Resizable arrays, also called dynamic arrays, dynamic tables, array lists and so on, are extensively used in many applications when the amount of data to be stored in the array is not known in advance or can change dynamically during the execution of the program. For instance, the Scala code below reads all the words in a text file into a resizable array (Scala ArrayBuffer) so that they can be later processed in memory in the same order they appear in the file.

import scala.io.Source

val words = collection.mutable.ArrayBuffer[String]()
val bufferedSource = Source.fromFile(fileName)
for(line <- bufferedSource.getLines)
  for(word <- line.trim.split("\\r+"))
    words += word
bufferedSource.close

Due to their importance in many applications, resizable arrays are implemented in many standard libraries:

Their main benefit over arrays is that they allow amortized constant-time insertion and removal at the end. The benefit over mutable linked lists, that also allow constant time insertion at the end, is that constant-time random access to the elements is supported and much less memory allocations are performed. In general, memory allocations are not free but the runtime system must keep track of the free and allocated memory areas when objects are created and deleted (by garbage collection or by explicit deallocation). The plot below shows the performance of C++ vector (resizable array) and list (mutable linked list) when \( n \) elements are inserted at the end. These tests were run in a computer with Intel i5-2400 CPU running at 3.1GHz.

_images/insertion-at-end.jpg

The idea in resizable arrays is as follows: allocate an array \( a \) with some extra space and maintain

  • ​ the capacity \( c \), ie. the size, of the array \( a \) (in Java/Scala, this is already included in the low-level array but in C++, for instance, raw arrays do not carry any additional information), and

  • ​ the size \( s \) of the resizable array, ie. the number of elements actually used in the underlying array \( a \).
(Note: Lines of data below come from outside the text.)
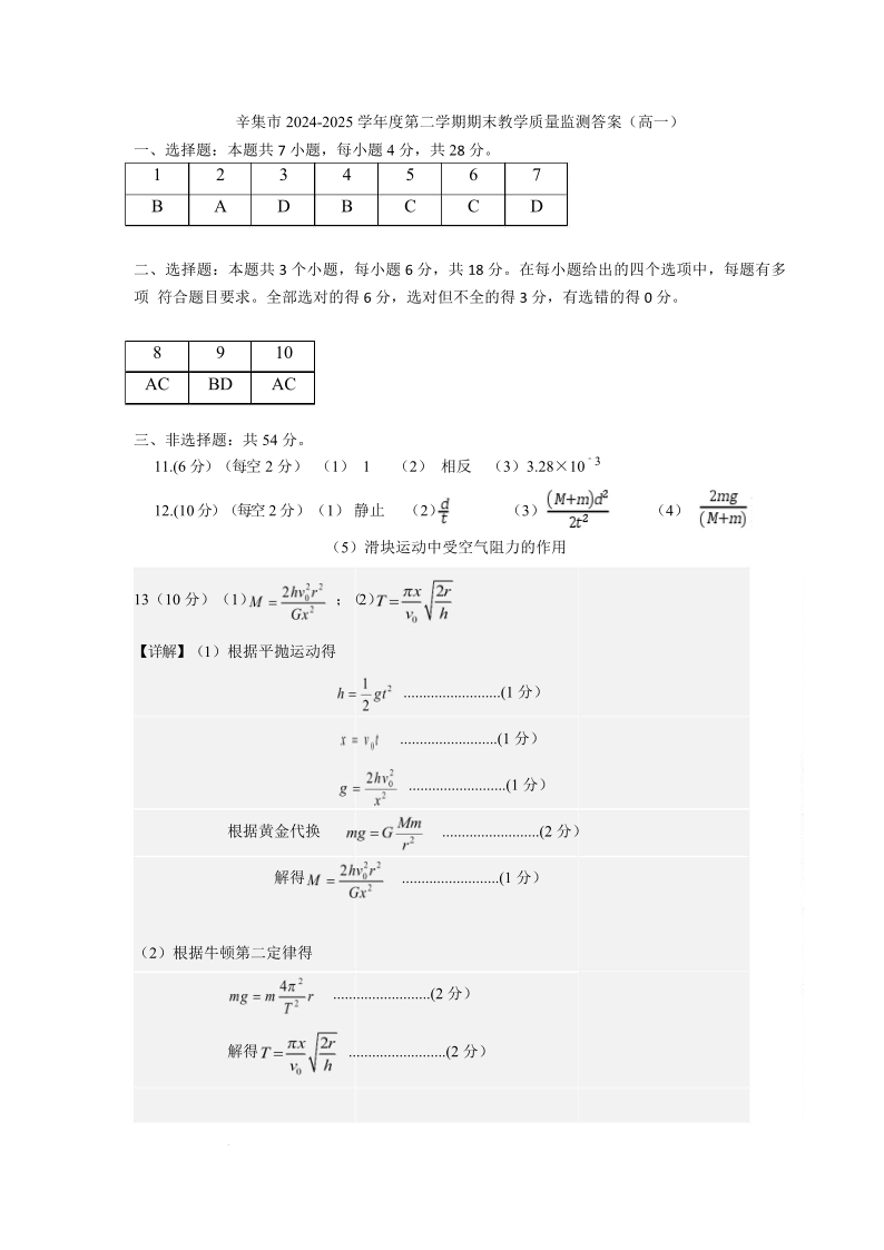 高一物理答案--河北省石家庄市辛集市2024-2025学年高一下学期7月期末教学质量监测
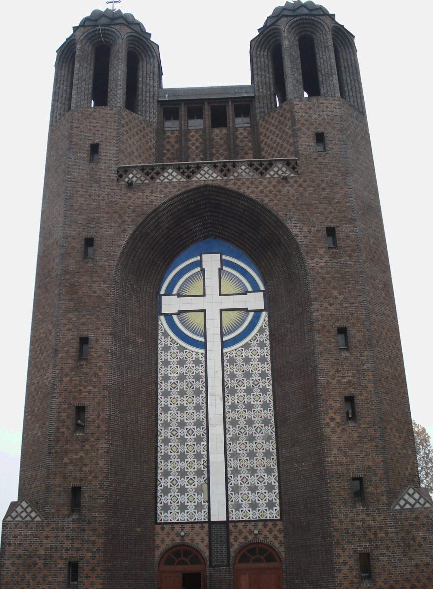 Архитектурный облик собора, выполненный в стиле модернизированной готики, отличается монументальностью и строгостью форм. Фасад здания сложен из характерной клинкерной кирпичной кладки, а его симметричную композицию завершают две высокие квадратные башни-звонницы, увенчанные изящными куполами-шатрами. Центральный фасад украшает крупное круговое окно-роза с выразительным изображением православного креста, обрамлённого декоративным орнаментом, что является смысловым и композиционным центром всей постройки.
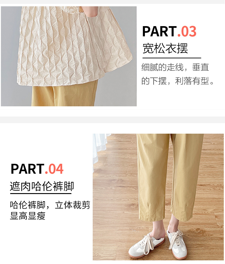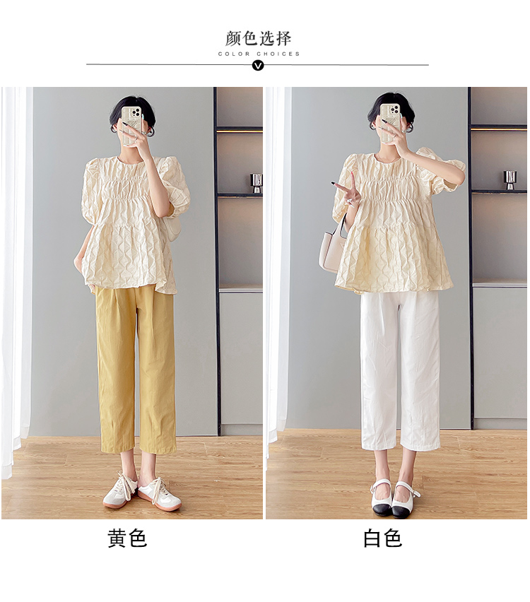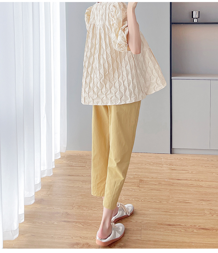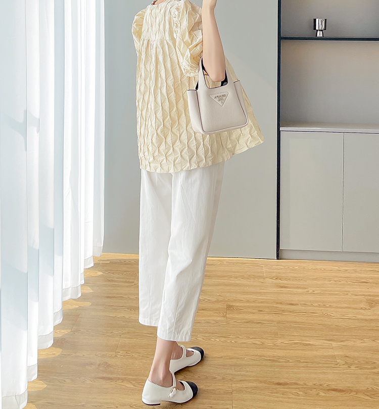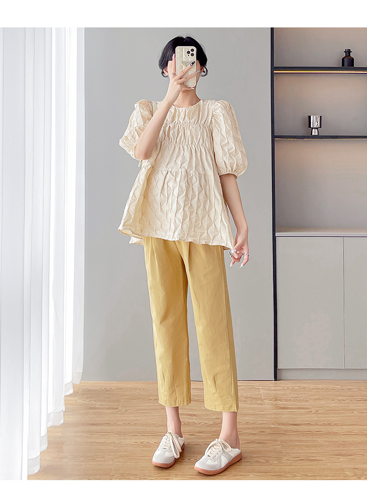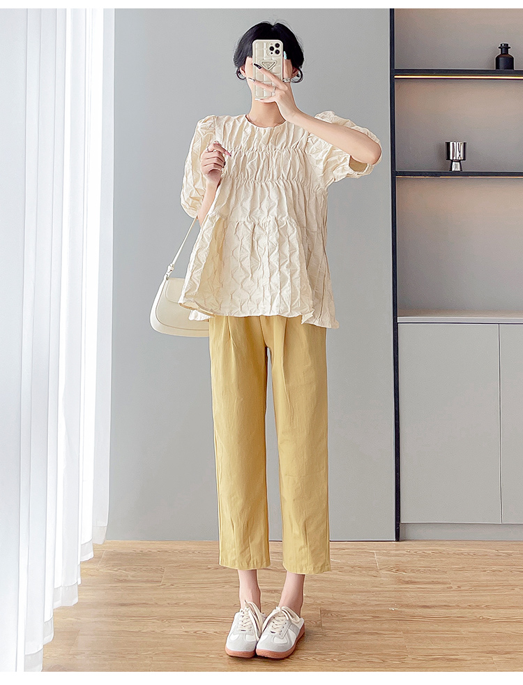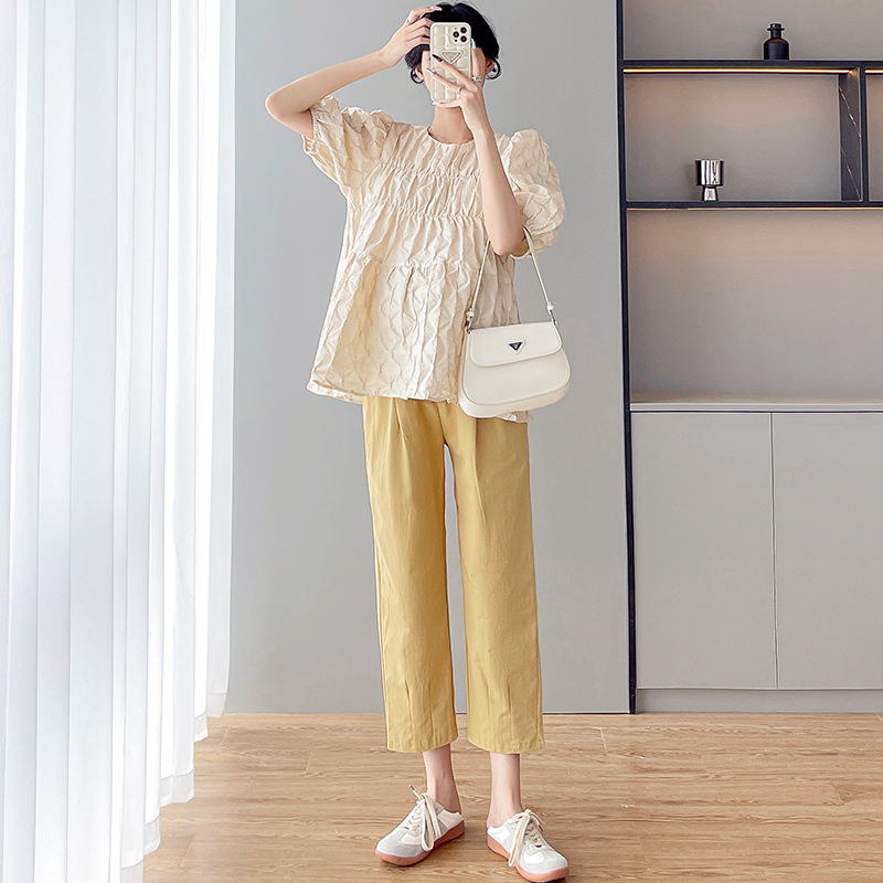 주간 고양이 품질 실사 여름 다용도 임산부 프랑스식 디자인 센스 주름 거품 소매 맨위 9 포인트 하렘 바지

When an element is inserted at the end of the resizable array, we do the following:

  1. If \( s < c \), we simply write the element in the index \( s \) of the array \( a \) and increase \( s \) by one.

  2. If \( s = c \), we

    1. allocate a new array of \( \alpha c \) elements, where \( \alpha > 1 \) is an expansion factor constant (usually 1.5 or 2),

    2. copy the \( s \) elements from the old array to the beginning of the new array, and

    3. set the capacity to \( \alpha c \), insert the new element at index \( s \) in the new array and increase \( s \) by one.

Removing the last element is easy: the index \( s \) is decreased by one.
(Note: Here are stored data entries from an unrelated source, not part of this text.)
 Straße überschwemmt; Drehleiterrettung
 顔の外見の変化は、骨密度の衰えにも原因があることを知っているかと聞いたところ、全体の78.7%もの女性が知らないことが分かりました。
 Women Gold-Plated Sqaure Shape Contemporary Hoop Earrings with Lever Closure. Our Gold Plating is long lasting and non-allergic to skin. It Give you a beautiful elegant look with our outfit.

Example: Inserting an element into a full resizable array

Consider the resizable array of integers shown below and suppose that we wish to insert the element 21 at the end of it.

_images/rarray-1.png

As the array was full, the insertion triggers expansion and results in the resizable array shown below.

_images/rarray-2.png

The old array will be deallocated by the runtime system (such as Java virtual machine) in garbage-collected languages. In non-garbage collecting languages such as C++, the old array must be explicitly deallocated by the insertion operation code.

Example

The code below shows how appending elements in ArrayBuffer is implemented in the Scala version 2.11.8. The code is taken from the source code of ArrayBuffer and the source code of ResizableArray.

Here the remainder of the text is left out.